A prospective randomised study of the probiotic Lactobacillus plantarum 299V on indices of gut barrier function in elective surgical patients
  1. C E McNaught,
  2. N P Woodcock,
  3. J MacFie,
  4. C J Mitchell
  1. Combined Gastroenterology Unit, Scarborough Hospital, Scarborough, North Yorkshire, UK
  1. Correspondence to:
    Mr J MacFie, Scarborough Hospital, Woodlands Drive, Scarborough, North Yorkshire YO12 6QL, UK;


Background: Bacterial translocation occurs in surgical patients and may predispose to postoperative septic morbidity. Many factors are thought to influence the prevalence of bacterial translocation, one of which is the composition of the gut microflora. The aim of this prospective and randomised study was to assess the effect of the probiotic Lactobacillus plantarum 299v on the incidence of bacterial translocation, gastric colonisation, and septic complications in elective surgical patients.
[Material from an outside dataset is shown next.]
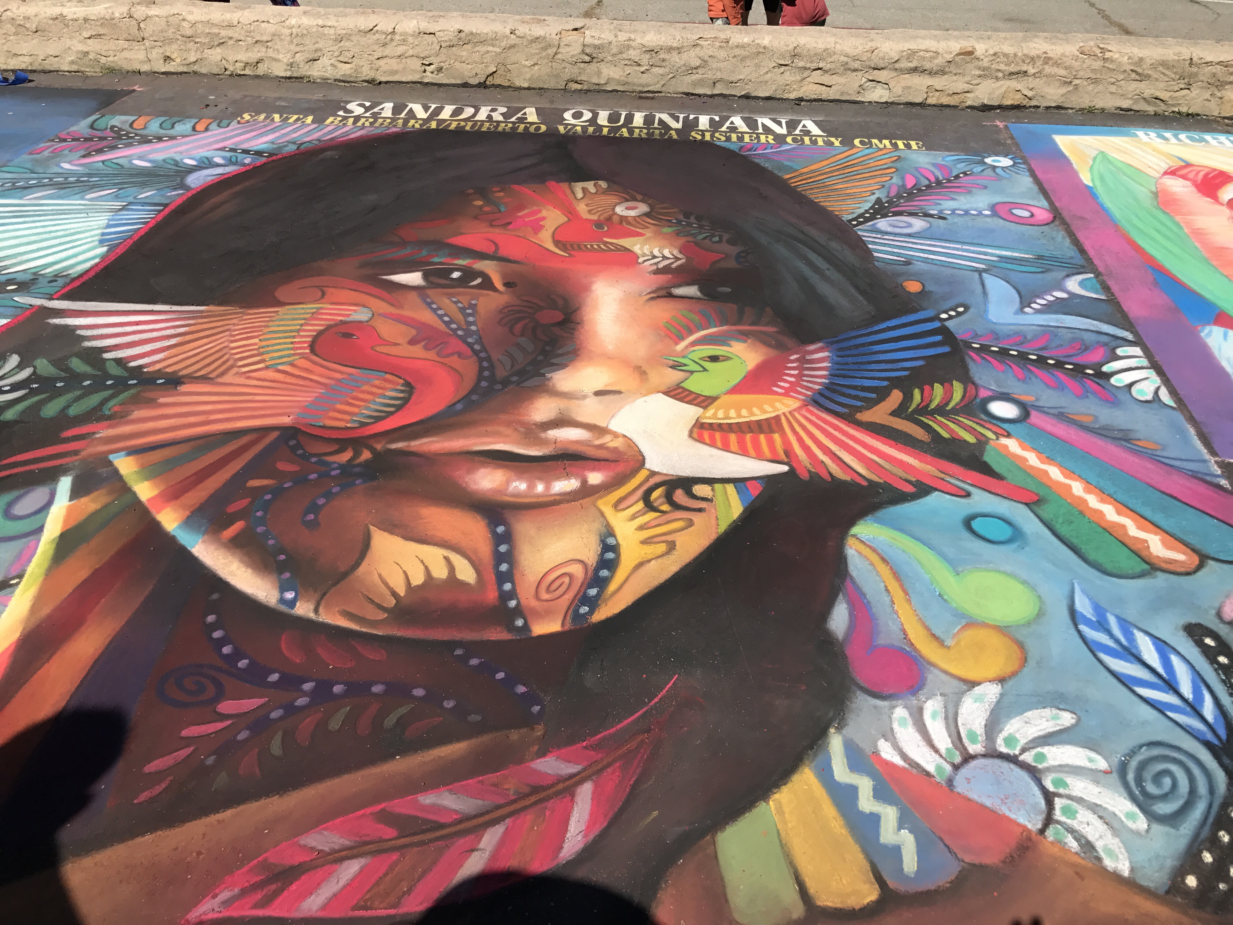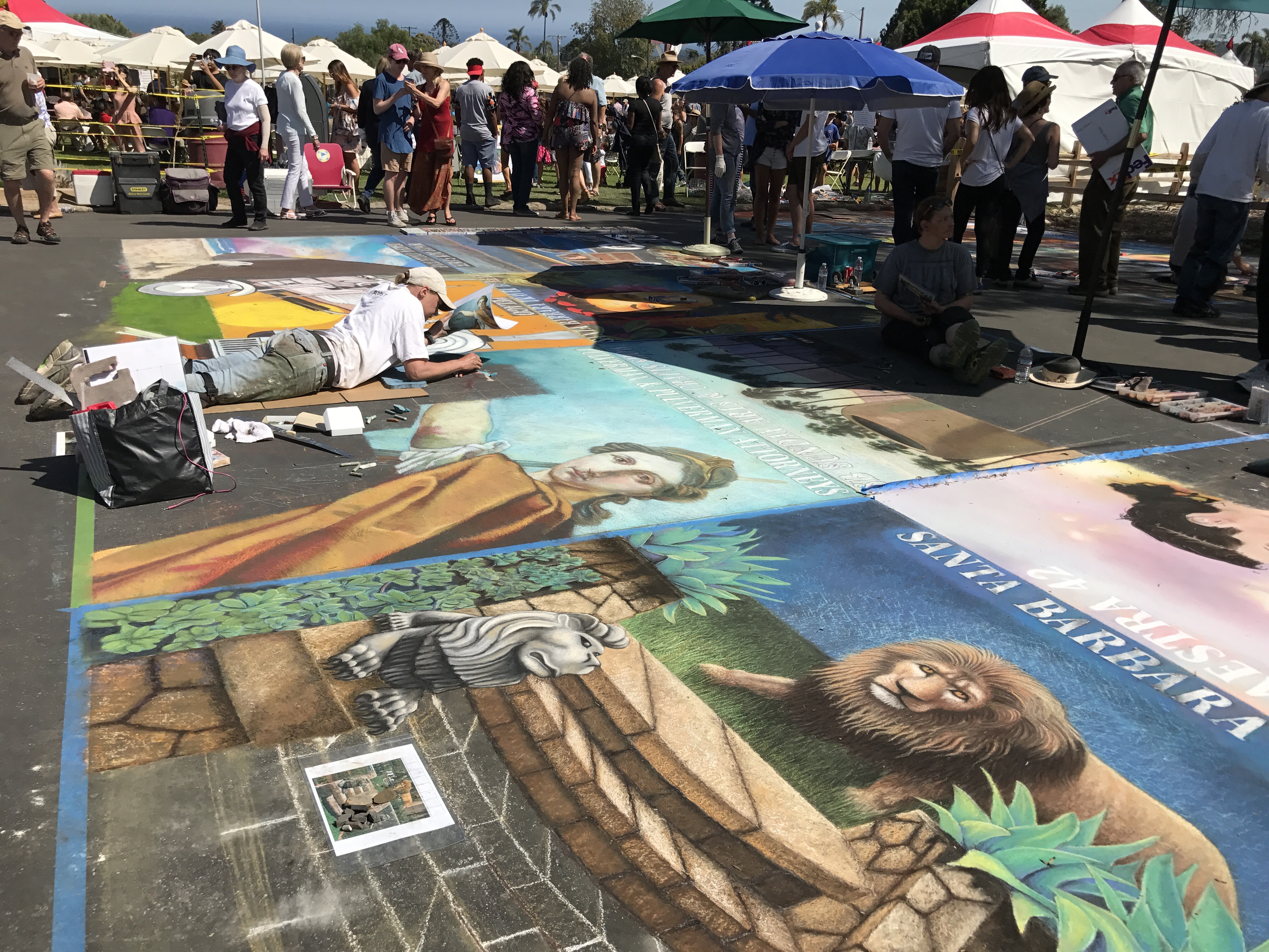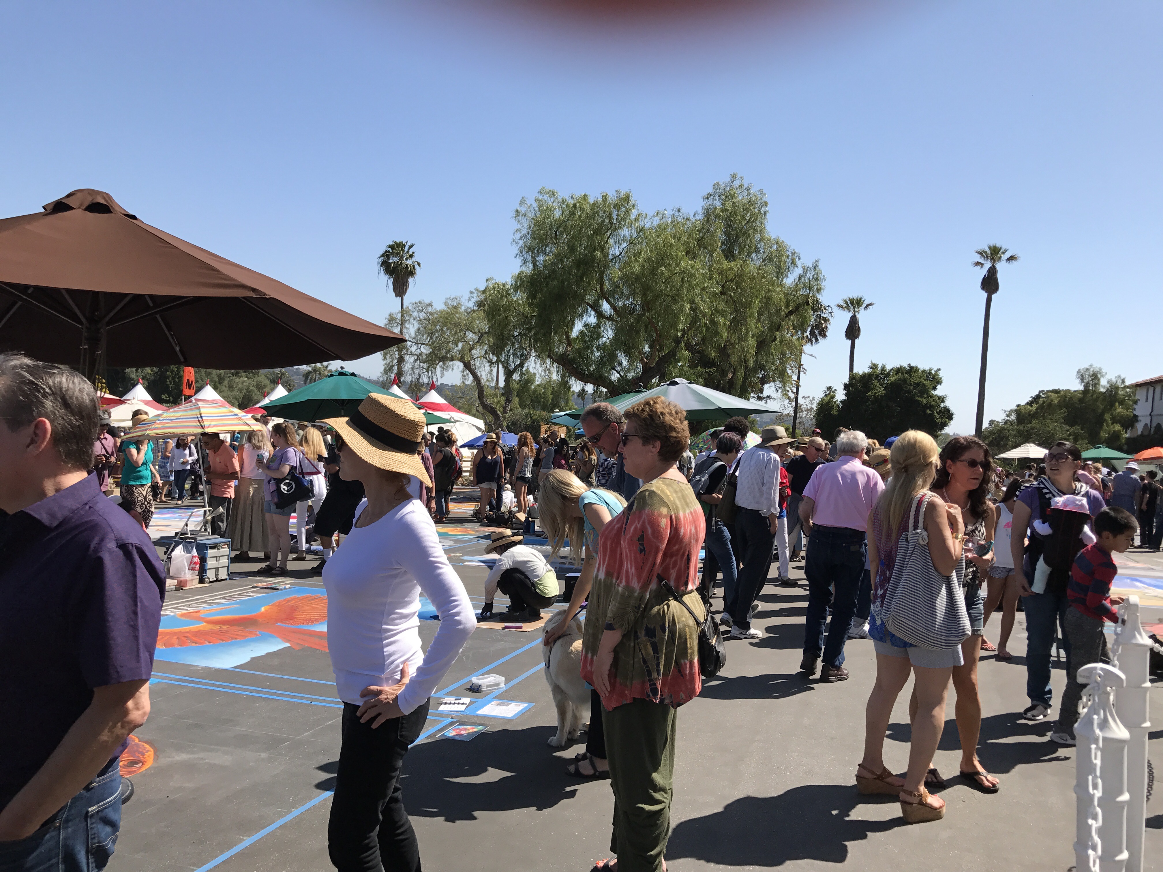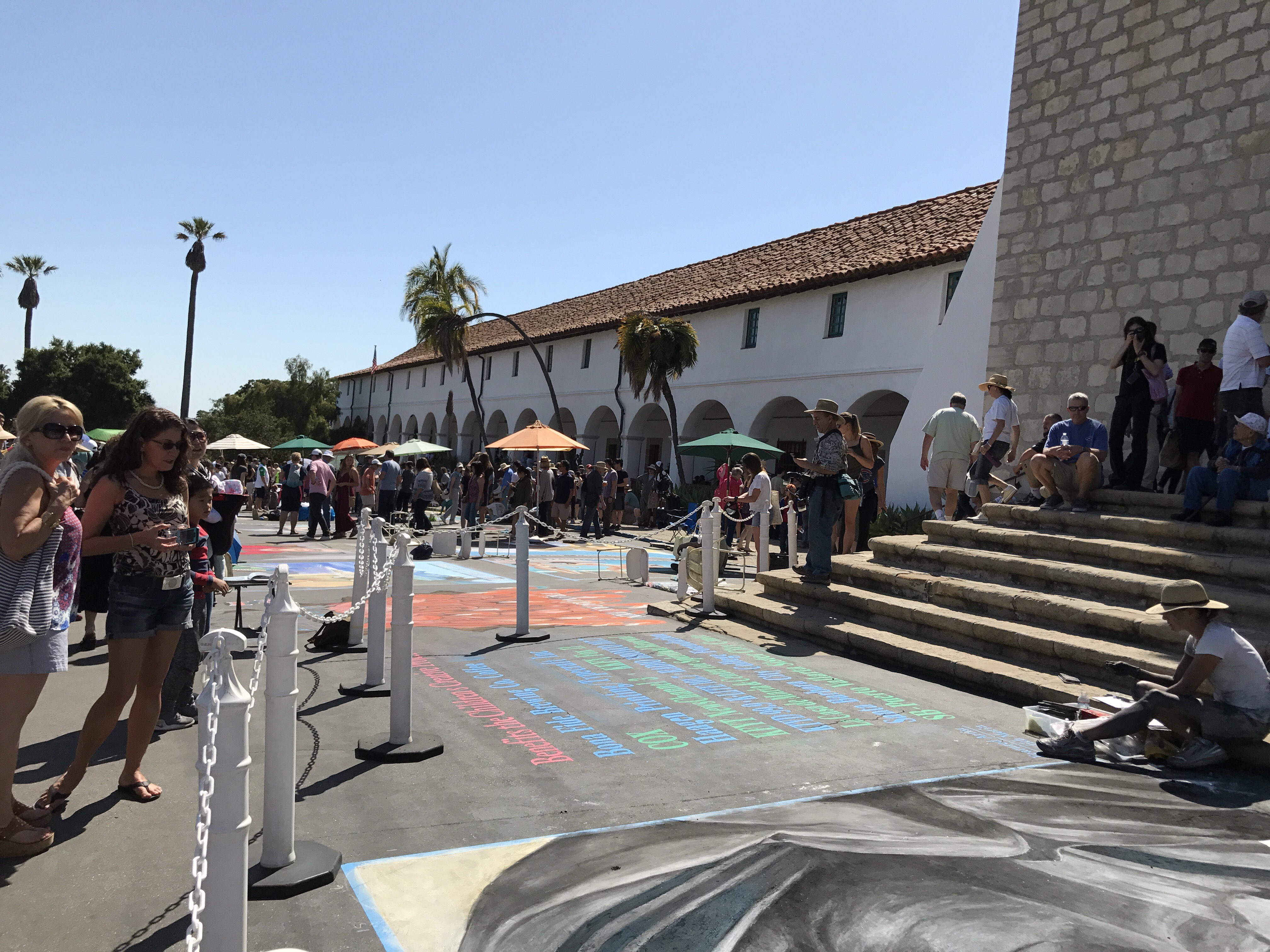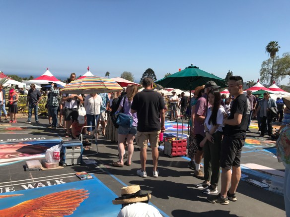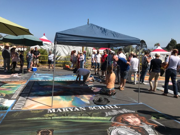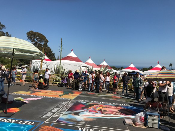 It’s so wonderful witnessing people helping people, especially people helping children. Today our friends, Andrea and Ron, took Eliot and I to see the generosity of many talented artists who transformed the pavement in front of the Santa Barbara Mission into works of art. This project raised funds for the Children’s Creative Project (CCP), a nonprofit arts education program of the Santa Barbara County Education Office. Each artist, sponsored by a local business, used pastel colored chalk to paint stunning square drawings.
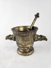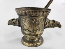 vintage brass eagle head pharmacy mortar and pestle. I believe this to be brass? Super heavy weighing 3.5 lb with Pestle included. Shows age wear and discoloration. Shows one mark on the inside, eagle handles solidly attached. Pre-owned, vintage condition. . As always, please look at detailed photos and ask questions before bidding/buying. We ship out Monday through Friday, usually within twenty four hours. Thank you for shopping with us!

Methods: Patients undergoing elective major abdominal surgery were randomised to either a treatment or control group. The treatment group received an oral preparation containing Lactobacillus plantarum 299v (Proviva) for at least one week preoperatively and also in the postoperative period. Bacterial translocation was determined by culture of a mesenteric lymph node and serosal scraping obtained at laparotomy. Gastric colonisation was assessed by microbiological culture of nasogastric aspirates. All postoperative septic complications were recorded.

Results: A total of 129 patients completed the study (probiotic group n=64). There was no significant difference between the two groups in terms of bacterial translocation (12% v 12%; p=0.82), gastric colonisation with enteric organisms (11% v 17%; p=0.42), or septic morbidity (13% v 15%; p=0.74).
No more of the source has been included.